Keep the text of the data exactly as it is and omit each picture from the copy.

### Stored data
* * * *
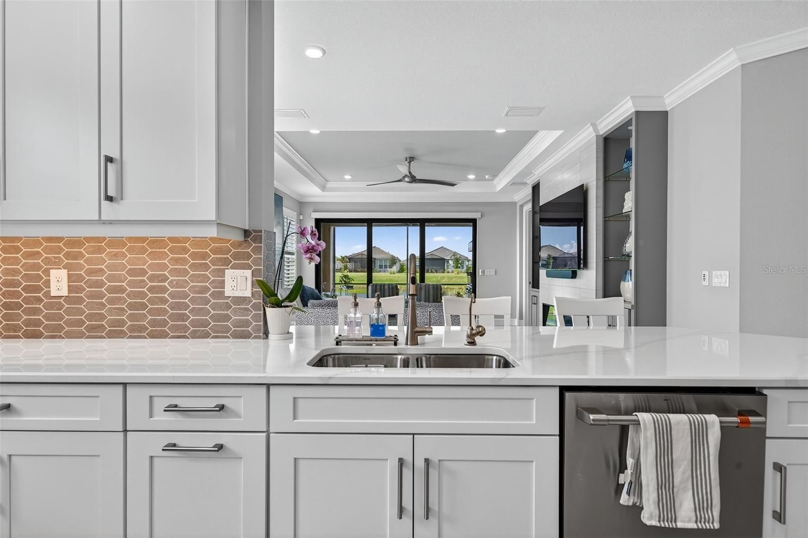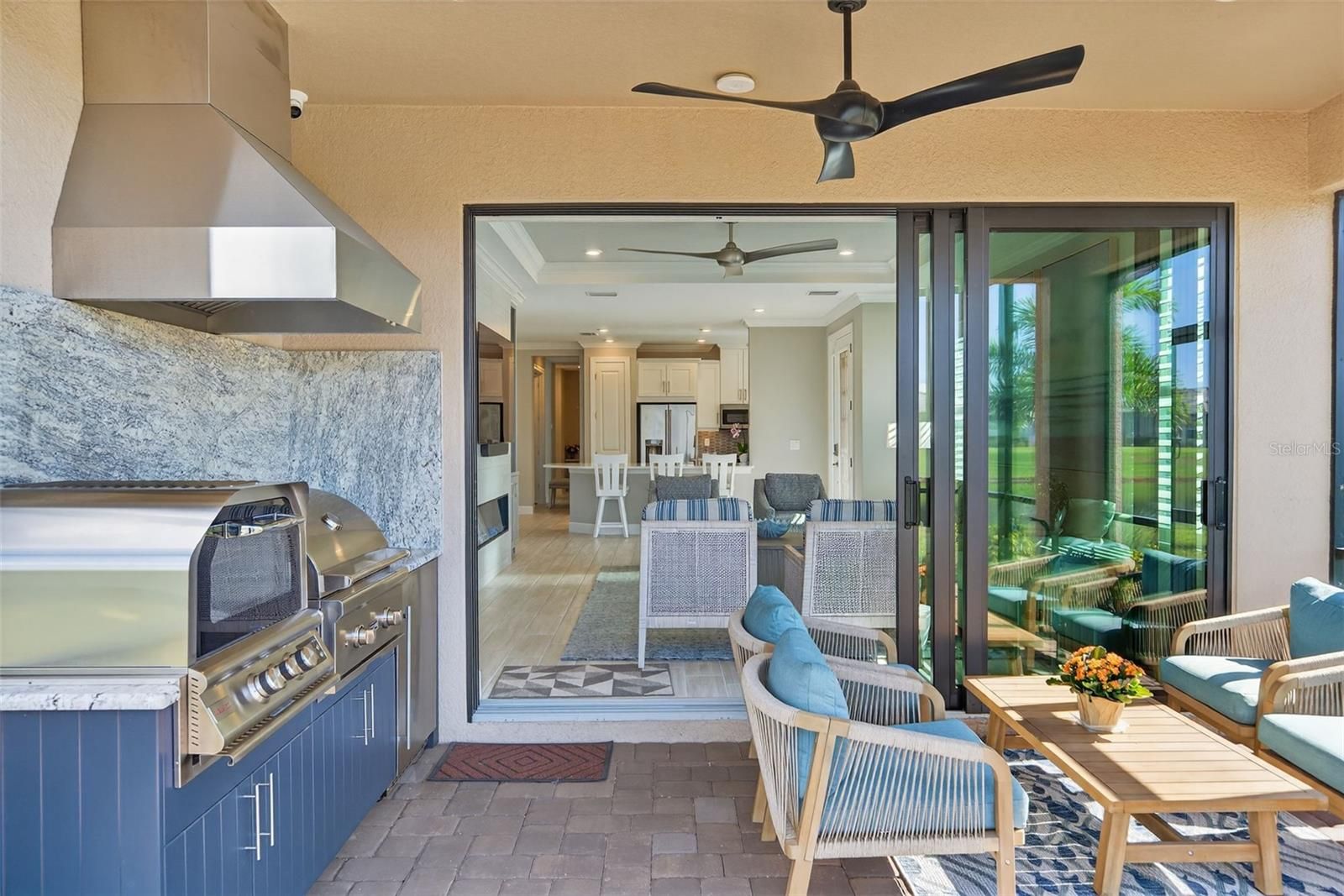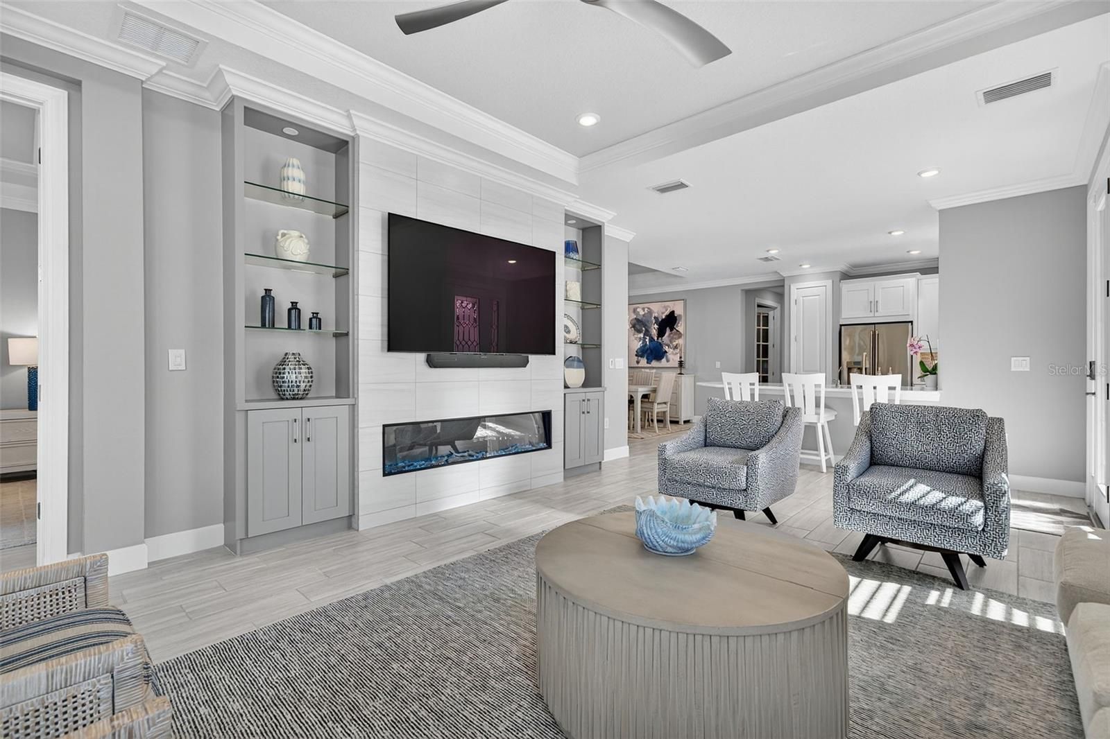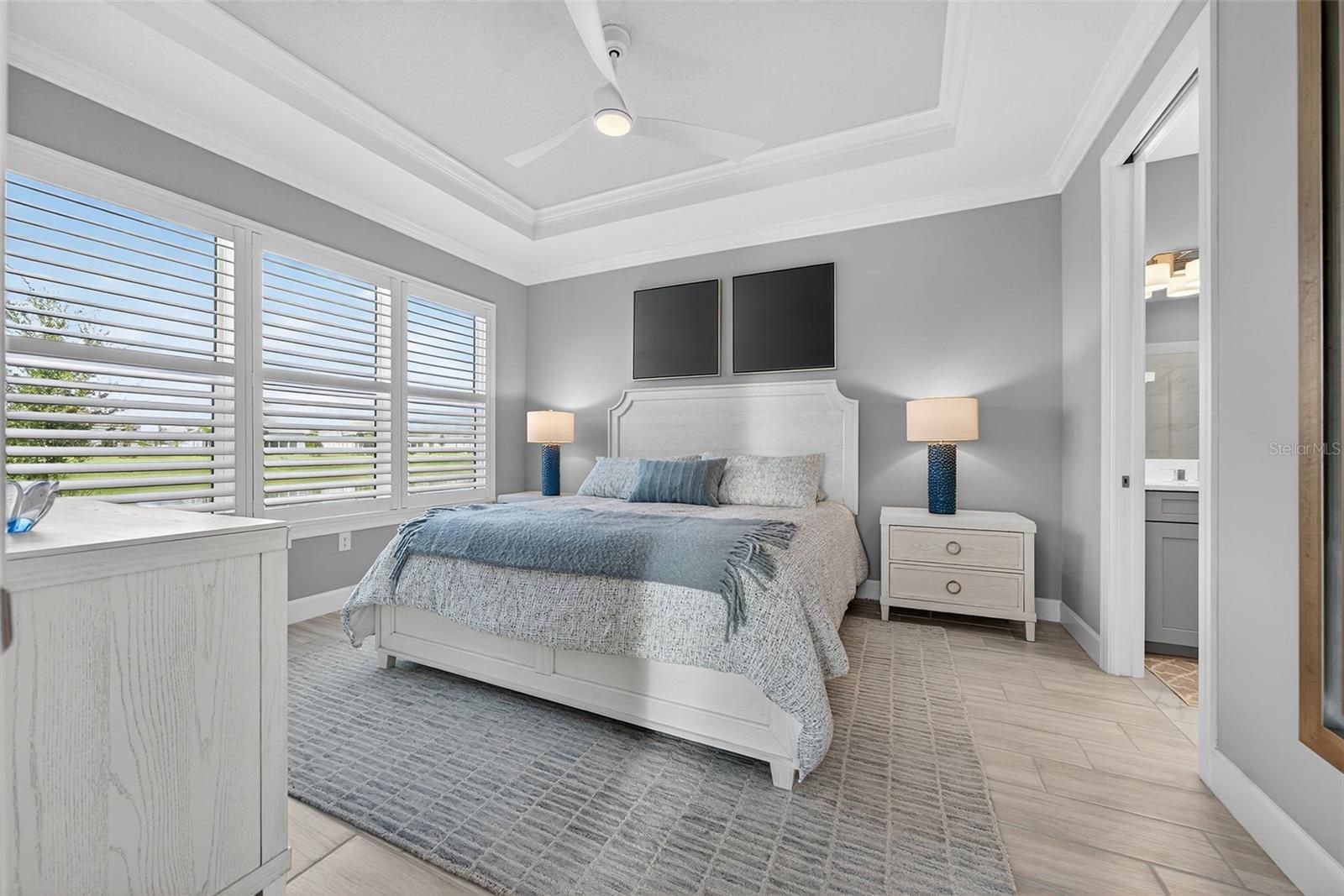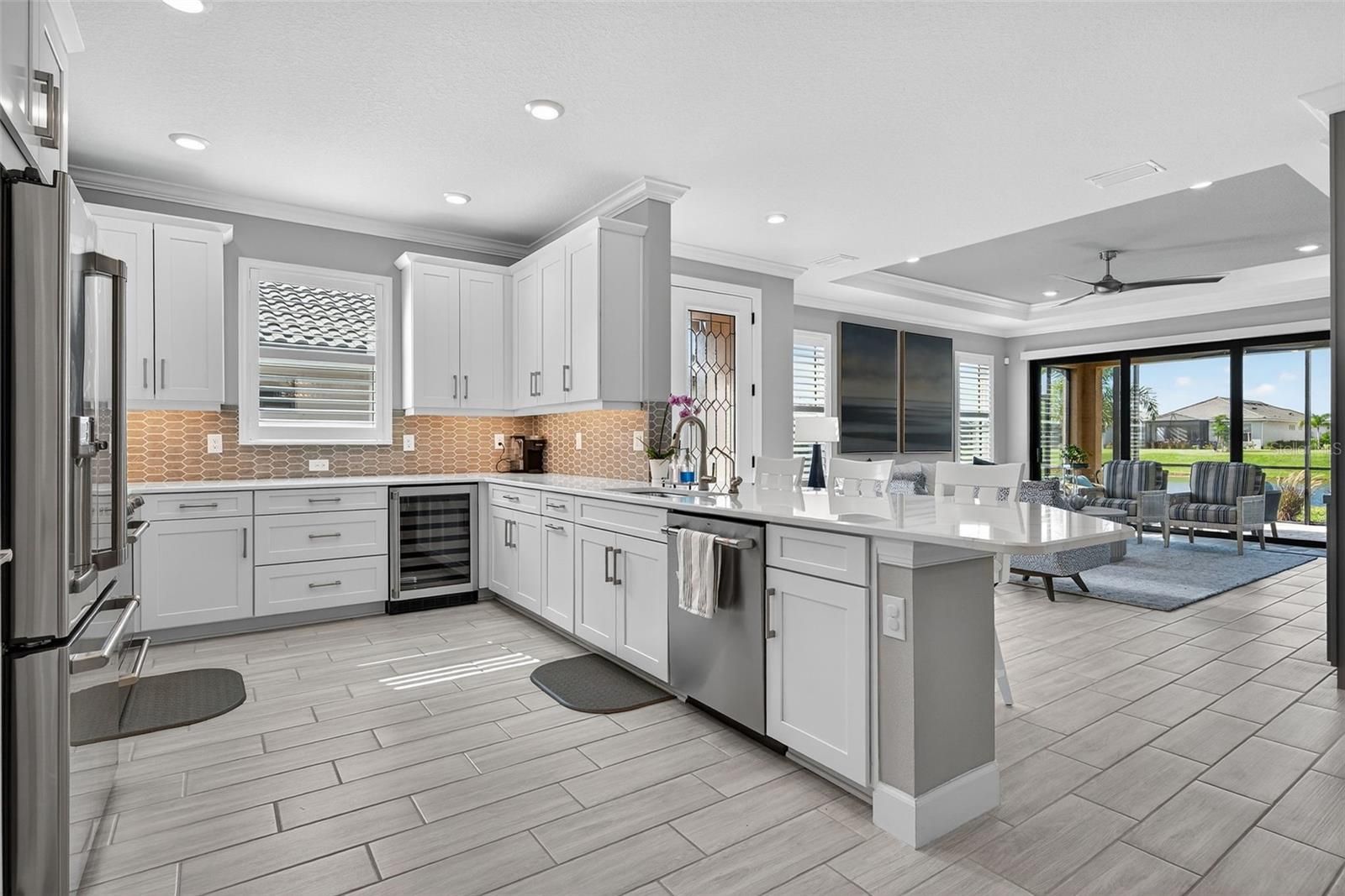 Extremely Upgraded, Golf-deeded, water view Arezzo! A refined expression of resort-inspired luxury awaits at 16221 Fortezza Drive, perfectly positioned on a tranquil lakefront homesite within the coveted Esplanade at Azario. Thoughtfully enhanced with premium upgrades throughout, this impeccably curated residence delivers a seamless blend of timeless modern design, smart-home functionality, and an amenity-rich golf community lifestyle—complete with ample space to add a custom pool overlooking sparkling water views. From the moment you arrive, architectural sophistication sets the tone. High tray ceilings adorned with custom crown molding, plank tile flooring throughout, plantation shutters, and expansive hurricane-impact windows create a bright, airy ambiance that feels both polished and welcoming. The open-concept great room is anchored by a sleek electric fireplace, enhanced by motorized shades, offering effortless comfort and elevated design for everyday living and entertaining alike. The chef-inspired kitchen is a true showpiece, featuring Café Performance appliances, crown molding atop custom cabinetry, LED under-cabinet lighting, refined countertops, and a built-in wine refrigerator—perfectly suited for hosting gatherings that flow seamlessly into the dining and living spaces. Oversized sliders and French doors with custom shades lead to the expansive extended lanai, finished with pavers and an extended screen enclosure, creating an exceptional indoor-outdoor living experience. Outdoors, the custom-designed kitchen—complete with a built-in grill, pizza oven, and refrigerator—sets the stage for unforgettable alfresco dining, sunset cocktails, and entertaining against serene lake views. Professionally designed path lighting enhances the atmosphere, while the generous backyard offers abundant room to design your dream pool and spa. The thoughtfully designed floor plan includes three spacious bedrooms, each outfitted with custom-built closet systems, and two luxurious bathrooms featuring spa-inspired finishes. A versatile office/den with upgraded French doors provides flexibility for a home office, private retreat, or easily functions as a fourth bedroom. A spacious laundry room with abundant cabinetry and counter space further enhances everyday convenience. Additional premium features include a whole-home filtration and water softener system, whole-house surge protector, generator, alarm system with A/C and heat control, and extensive garage upgrades—epoxy flooring, custom closet storage, wall-mounted racks, and an extended garage—delivering both form and function at every turn. Residents of Esplanade at Azario enjoy a premier golf community lifestyle, offering championship golf, resort-style pools, wellness and fitness amenities, tennis, pickleball, on-site dining, and a vibrant social calendar—all within one of Bradenton’s most desirable addresses.
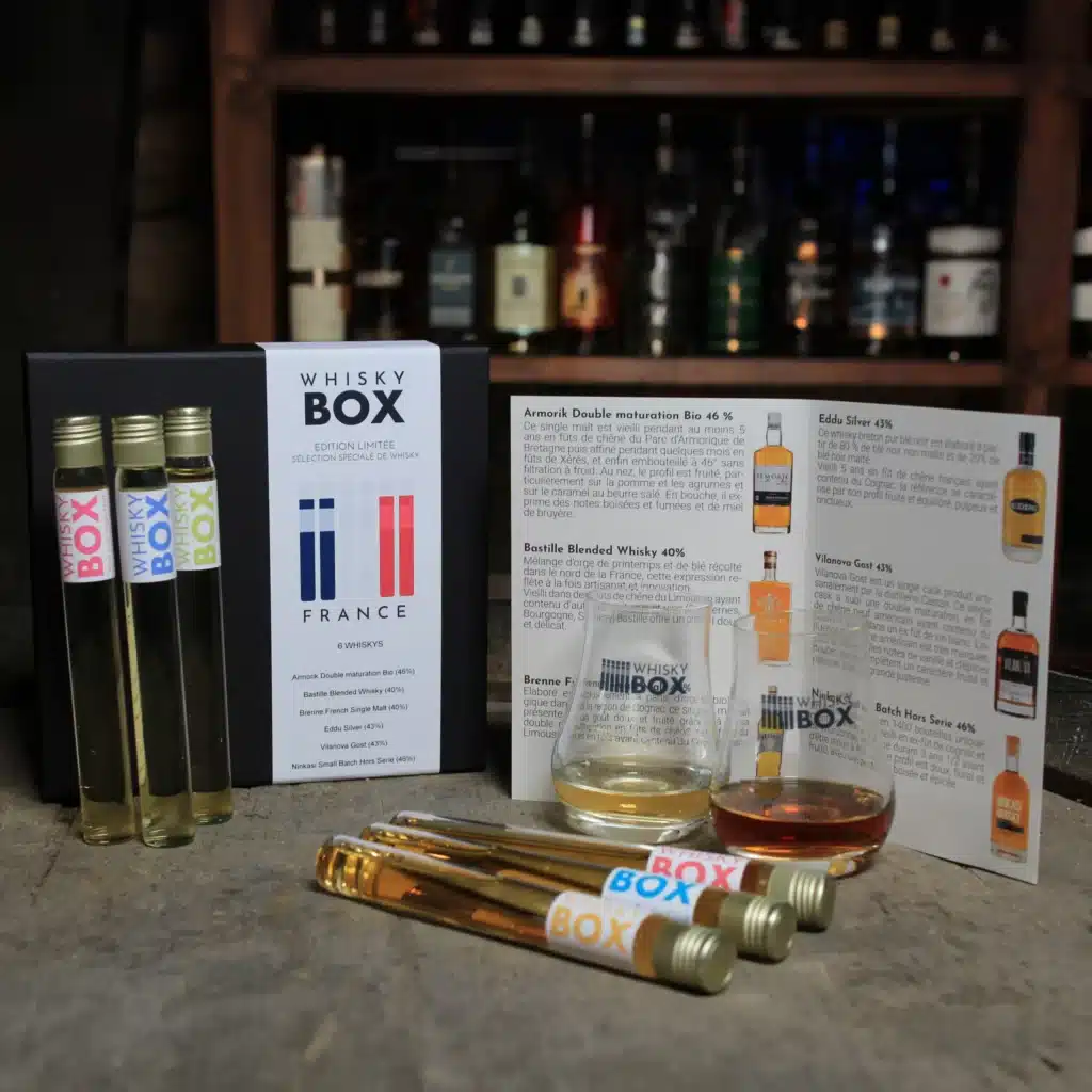 Découvrez l’excellence du savoir-faire français avec le Coffret WhiskyBox France. Chaque flacon renferme le fruit du travail de distilleries artisanales passionnées, qui façonnent des whiskys d’exception dans nos plus belles régions. Sélectionnés avec soin par nos experts, Florent et Isabella, offrez-vous une véritable expérience de dégustation, entre traditions régionales et innovations gustatives.
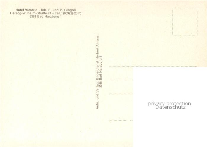 73615893 Bad Harzburg Hotel Victoria postalisch nicht gelaufen Erhaltung siehe scans [WerneD78] KatCode: 11110003153002
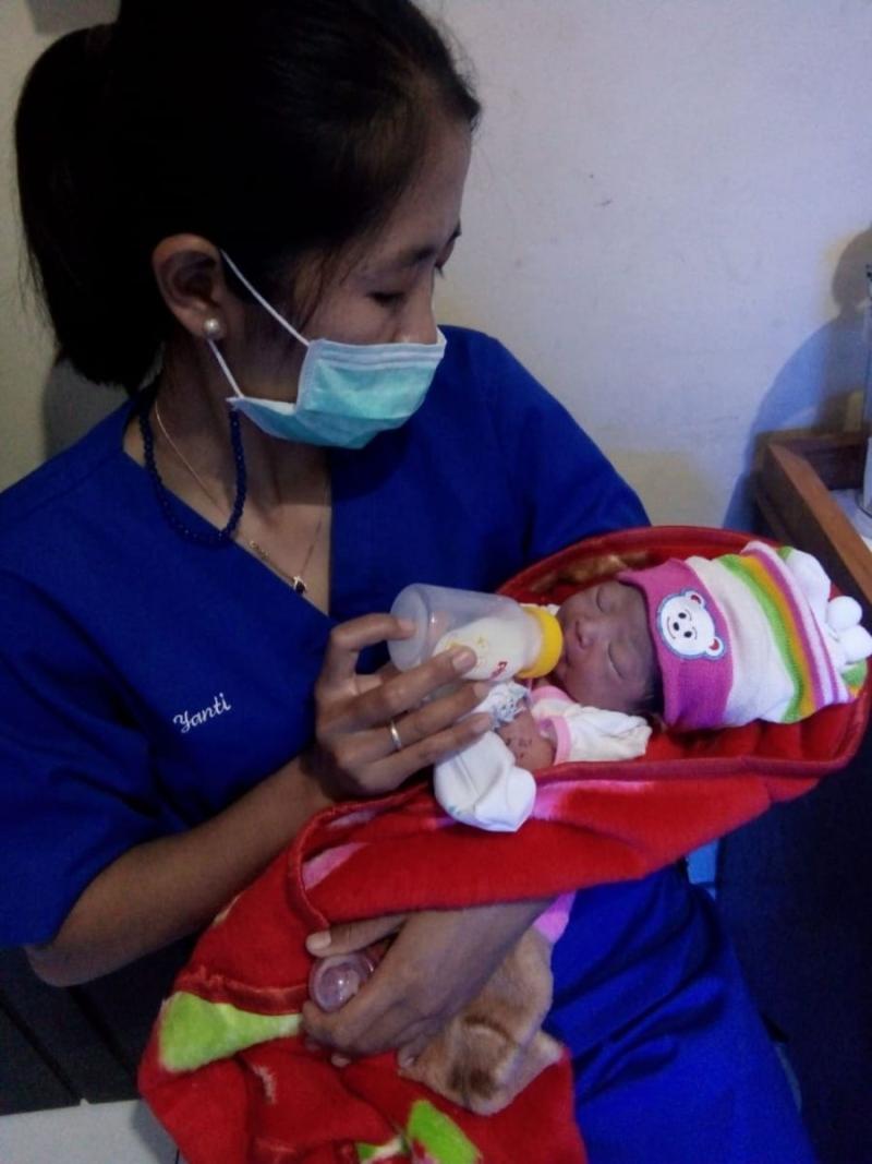 Bali Tribune/ seorang wanita memberikan susu formula terhadap Bayi yang ditemukan.
* * * *
### Finished task
 Extremely Upgraded, Golf-deeded, water view Arezzo! A refined expression of resort-inspired luxury awaits at 16221 Fortezza Drive, perfectly positioned on a tranquil lakefront homesite within the coveted Esplanade at Azario. Thoughtfully enhanced with premium upgrades throughout, this impeccably curated residence delivers a seamless blend of timeless modern design, smart-home functionality, and an amenity-rich golf community lifestyle—complete with ample space to add a custom pool overlooking sparkling water views. From the moment you arrive, architectural sophistication sets the tone. High tray ceilings adorned with custom crown molding, plank tile flooring throughout, plantation shutters, and expansive hurricane-impact windows create a bright, airy ambiance that feels both polished and welcoming. The open-concept great room is anchored by a sleek electric fireplace, enhanced by motorized shades, offering effortless comfort and elevated design for everyday living and entertaining alike. The chef-inspired kitchen is a true showpiece, featuring Café Performance appliances, crown molding atop custom cabinetry, LED under-cabinet lighting, refined countertops, and a built-in wine refrigerator—perfectly suited for hosting gatherings that flow seamlessly into the dining and living spaces. Oversized sliders and French doors with custom shades lead to the expansive extended lanai, finished with pavers and an extended screen enclosure, creating an exceptional indoor-outdoor living experience. Outdoors, the custom-designed kitchen—complete with a built-in grill, pizza oven, and refrigerator—sets the stage for unforgettable alfresco dining, sunset cocktails, and entertaining against serene lake views. Professionally designed path lighting enhances the atmosphere, while the generous backyard offers abundant room to design your dream pool and spa. The thoughtfully designed floor plan includes three spacious bedrooms, each outfitted with custom-built closet systems, and two luxurious bathrooms featuring spa-inspired finishes. A versatile office/den with upgraded French doors provides flexibility for a home office, private retreat, or easily functions as a fourth bedroom. A spacious laundry room with abundant cabinetry and counter space further enhances everyday convenience. Additional premium features include a whole-home filtration and water softener system, whole-house surge protector, generator, alarm system with A/C and heat control, and extensive garage upgrades—epoxy flooring, custom closet storage, wall-mounted racks, and an extended garage—delivering both form and function at every turn. Residents of Esplanade at Azario enjoy a premier golf community lifestyle, offering championship golf, resort-style pools, wellness and fitness amenities, tennis, pickleball, on-site dining, and a vibrant social calendar—all within one of Bradenton’s most desirable addresses.
 Découvrez l’excellence du savoir-faire français avec le Coffret WhiskyBox France. Chaque flacon renferme le fruit du travail de distilleries artisanales passionnées, qui façonnent des whiskys d’exception dans nos plus belles régions. Sélectionnés avec soin par nos experts, Florent et Isabella, offrez-vous une véritable expérience de dégustation, entre traditions régionales et innovations gustatives.
 73615893 Bad Harzburg Hotel Victoria postalisch nicht gelaufen Erhaltung siehe scans [WerneD78] KatCode: 11110003153002
 Bali Tribune/ seorang wanita memberikan susu formula terhadap Bayi yang ditemukan.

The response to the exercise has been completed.